He shook his head. “Much too early to say. Mind you, we’ve already found something.”

He walked over to where a long gray object lay on the grass and aimed a kick at it with his boot.

“What is that?”

“That’s a stone, Mrs. Pretty. It must be what I hit with your — your instrument. It’s a start, I suppose, but let’s hope we can do a little better than that, eh?”

I started to walk back to the house. When I glanced over my shoulder, I could see no sign of Mr. Brown. He must have resumed digging. There was only the glint of his shovel blade and a dark smudge of soil hanging in the air.

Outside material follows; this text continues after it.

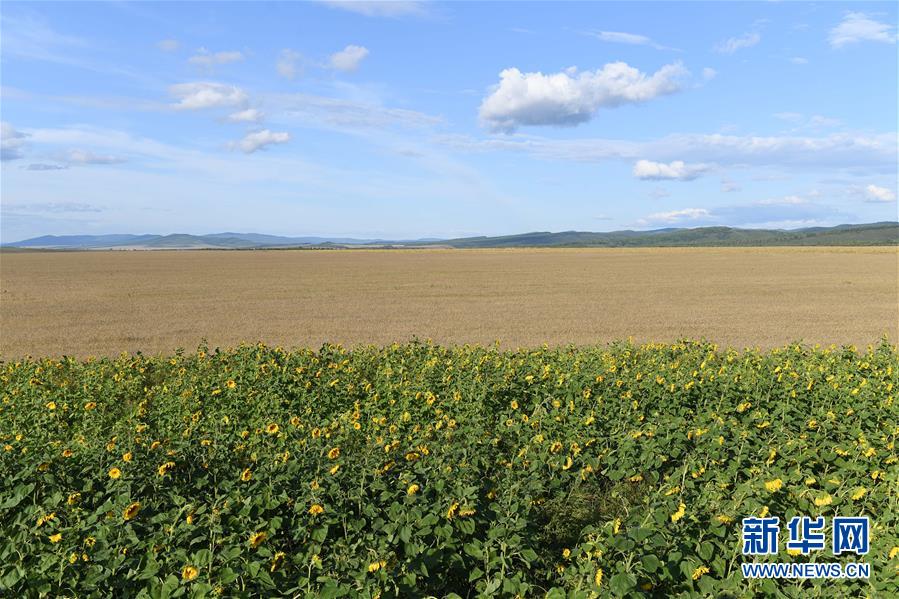 8月28日無人機(jī)拍攝的呼倫貝爾市額爾古納市室韋農(nóng)牧場的田園風(fēng)光。新華社記者劉磊攝

At seven o’clock I went upstairs to change for dinner. Ellen was waiting in my bedroom. She is a big-boned girl with unusually pale fingers, the result, presumably, of poor circulation. In the winter she suffers from chilblains. When she started working for me two years ago, I was concerned that she might be clumsy. In fact, she has turned out to be far more attentive and nimble than I ever expected. My only criticism is that she has recently taken to wearing a particularly invasive scent which manages to be sharp and cloying at the same time.

She was standing beside the open cupboard. Rows of dresses were hanging inside, most of them still in their muslin dust-covers.

“What would you like to wear tonight, ma’am?”

I pointed at one of the dresses that was not in a cover. There seemed no point going to any more trouble than necessary.

“The green silk again, ma’am? That’s an old favorite, that one, isn’t it?”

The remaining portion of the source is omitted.